__TASK GOAL__: Would you give the listing back word for word once its pictures are removed?

__SOURCE DATA__:
******

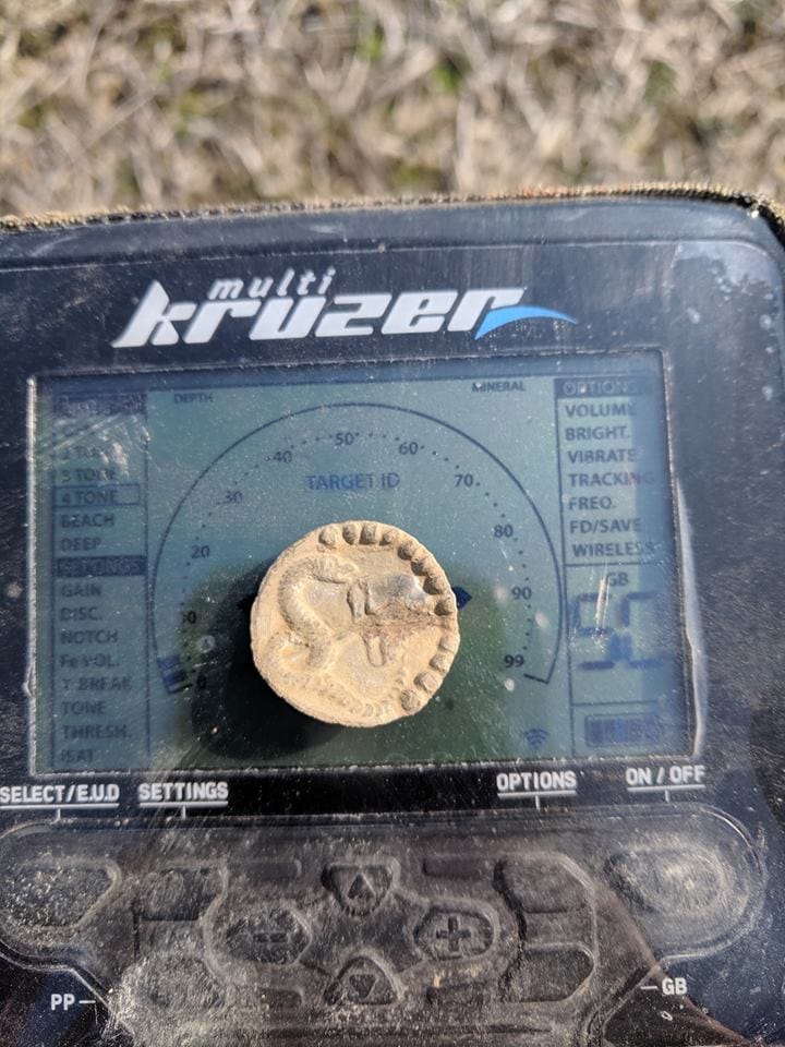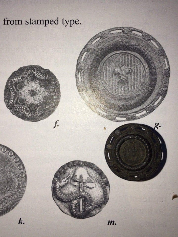 Bu şık 17. yüzyıl düğmesini tesadüfen buldum. Direğin üzerinde, üzerinde 13 yıldız bulunan sarmal bir çıngıraklı yılan bulunan özgürlük şapkası.
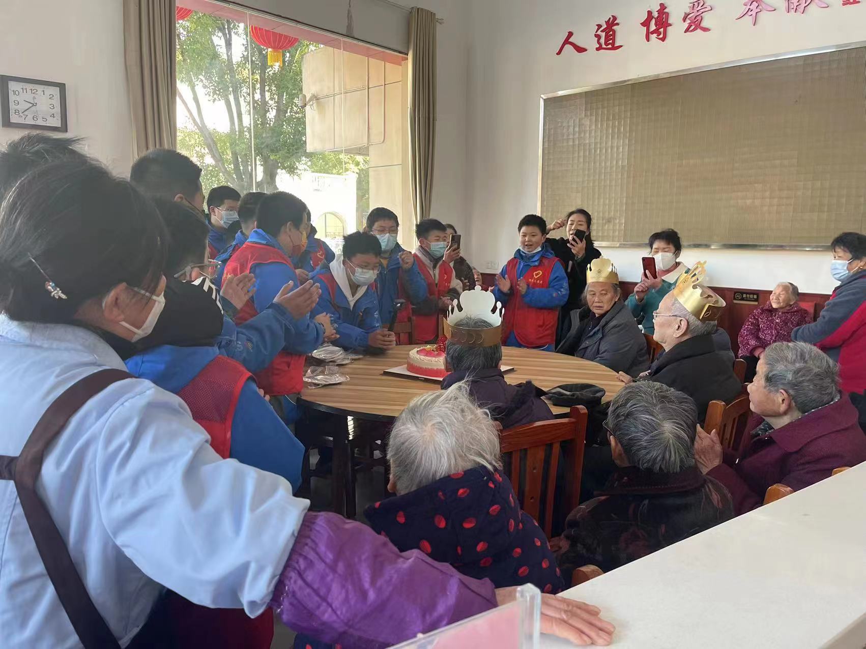 过完生日宴,孩子们还给老人们带去了快板、唱歌、集体诗朗诵等丰富多彩的才艺表演,带着老人们回忆曾经的青春岁月,陪老人们聊天,听老人们讲解抗日战争、抗美援朝时期的故事,给老人们送去了精心准备的糕点,帮助老人整理房间,用实际行动践行习近平总书记“雷锋精神,人人可学;奉献爱心,处处可为。积小善为大善,善莫大焉”的谆谆教导,续写新时代雷锋故事。
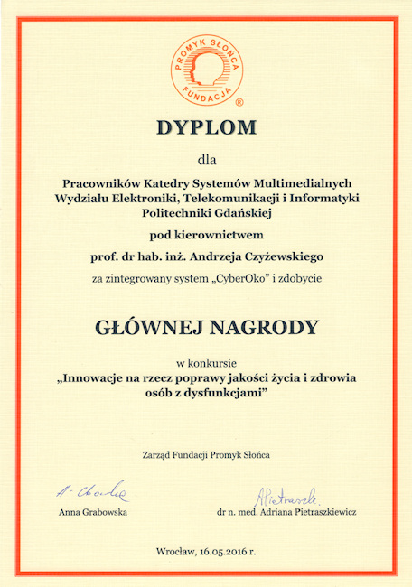 Kapituła konkursu "Innowacje na rzecz poprawy jakości życia i zdrowia osób z dysfunkcjami" uznała system "CyberOko" za
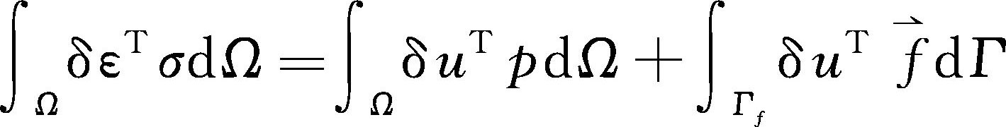 式(3-8)表明,外力(包括 Ω 内的体积力和边界 Γ f 上的面力)使弹性体产生虚位移所做的功等于弹性体因虚应变而提高的能量。

******

__EXPECTED OUTPUT__:
 Bu şık 17. yüzyıl düğmesini tesadüfen buldum. Direğin üzerinde, üzerinde 13 yıldız bulunan sarmal bir çıngıraklı yılan bulunan özgürlük şapkası.
 过完生日宴,孩子们还给老人们带去了快板、唱歌、集体诗朗诵等丰富多彩的才艺表演,带着老人们回忆曾经的青春岁月,陪老人们聊天,听老人们讲解抗日战争、抗美援朝时期的故事,给老人们送去了精心准备的糕点,帮助老人整理房间,用实际行动践行习近平总书记“雷锋精神,人人可学;奉献爱心,处处可为。积小善为大善,善莫大焉”的谆谆教导,续写新时代雷锋故事。
 Kapituła konkursu "Innowacje na rzecz poprawy jakości życia i zdrowia osób z dysfunkcjami" uznała system "CyberOko" za
 式(3-8)表明,外力(包括 Ω 内的体积力和边界 Γ f 上的面力)使弹性体产生虚位移所做的功等于弹性体因虚应变而提高的能量。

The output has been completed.